[Start of section]

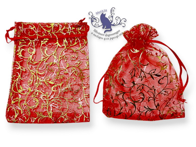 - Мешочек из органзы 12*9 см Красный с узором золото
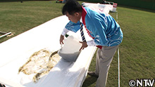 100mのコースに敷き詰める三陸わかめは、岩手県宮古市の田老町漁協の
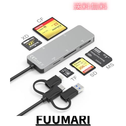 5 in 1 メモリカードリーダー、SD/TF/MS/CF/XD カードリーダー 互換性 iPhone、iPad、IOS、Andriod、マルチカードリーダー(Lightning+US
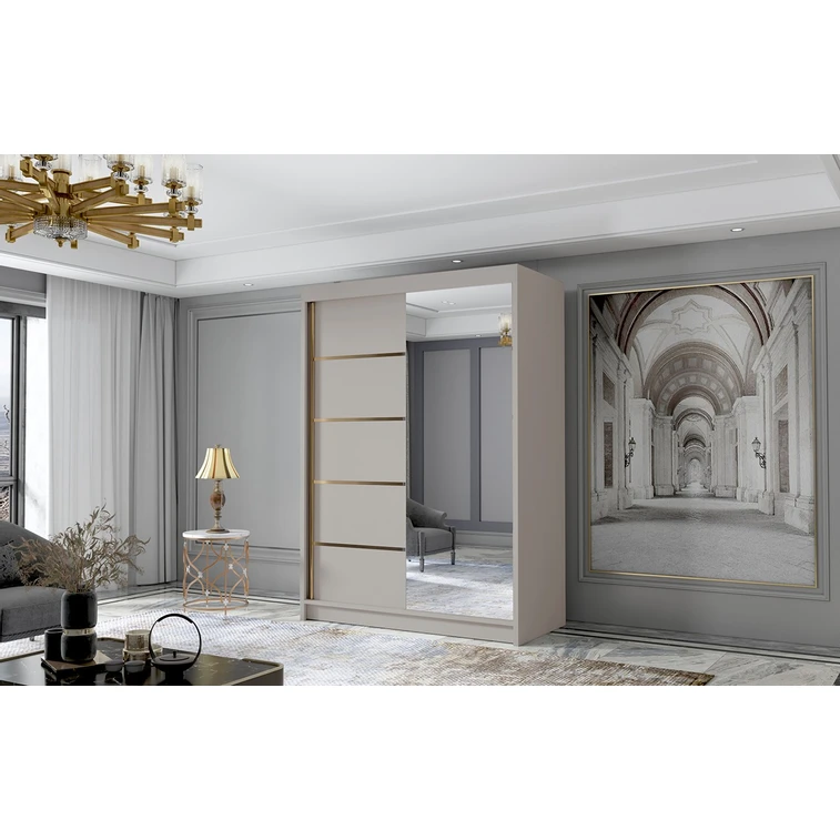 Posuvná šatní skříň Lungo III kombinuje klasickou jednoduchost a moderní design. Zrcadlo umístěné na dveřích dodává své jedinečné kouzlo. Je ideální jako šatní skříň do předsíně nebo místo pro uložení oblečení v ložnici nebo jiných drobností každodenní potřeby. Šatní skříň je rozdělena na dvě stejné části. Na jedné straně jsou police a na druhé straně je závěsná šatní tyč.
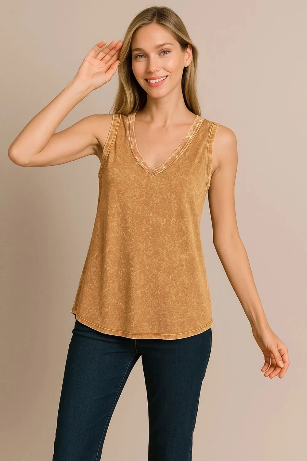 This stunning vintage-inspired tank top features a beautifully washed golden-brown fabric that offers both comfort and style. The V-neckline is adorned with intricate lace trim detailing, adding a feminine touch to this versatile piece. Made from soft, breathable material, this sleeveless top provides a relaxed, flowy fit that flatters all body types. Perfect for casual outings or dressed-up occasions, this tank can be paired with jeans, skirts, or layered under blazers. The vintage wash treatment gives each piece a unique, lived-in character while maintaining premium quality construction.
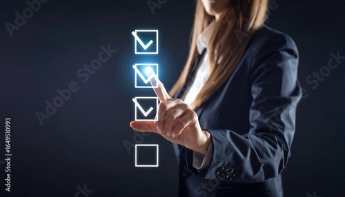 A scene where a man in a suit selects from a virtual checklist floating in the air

[End of section]

* _DIRECTIONS FOR THIS TASK_:
Every entry above should be restated word for word, with the images left out.

* _RESPONSE BOX_:
 - Мешочек из органзы 12*9 см Красный с узором золото
 100mのコースに敷き詰める三陸わかめは、岩手県宮古市の田老町漁協の
 5 in 1 メモリカードリーダー、SD/TF/MS/CF/XD カードリーダー 互換性 iPhone、iPad、IOS、Andriod、マルチカードリーダー(Lightning+US
 Posuvná šatní skříň Lungo III kombinuje klasickou jednoduchost a moderní design. Zrcadlo umístěné na dveřích dodává své jedinečné kouzlo. Je ideální jako šatní skříň do předsíně nebo místo pro uložení oblečení v ložnici nebo jiných drobností každodenní potřeby. Šatní skříň je rozdělena na dvě stejné části. Na jedné straně jsou police a na druhé straně je závěsná šatní tyč.
 This stunning vintage-inspired tank top features a beautifully washed golden-brown fabric that offers both comfort and style. The V-neckline is adorned with intricate lace trim detailing, adding a feminine touch to this versatile piece. Made from soft, breathable material, this sleeveless top provides a relaxed, flowy fit that flatters all body types. Perfect for casual outings or dressed-up occasions, this tank can be paired with jeans, skirts, or layered under blazers. The vintage wash treatment gives each piece a unique, lived-in character while maintaining premium quality construction.
 A scene where a man in a suit selects from a virtual checklist floating in the air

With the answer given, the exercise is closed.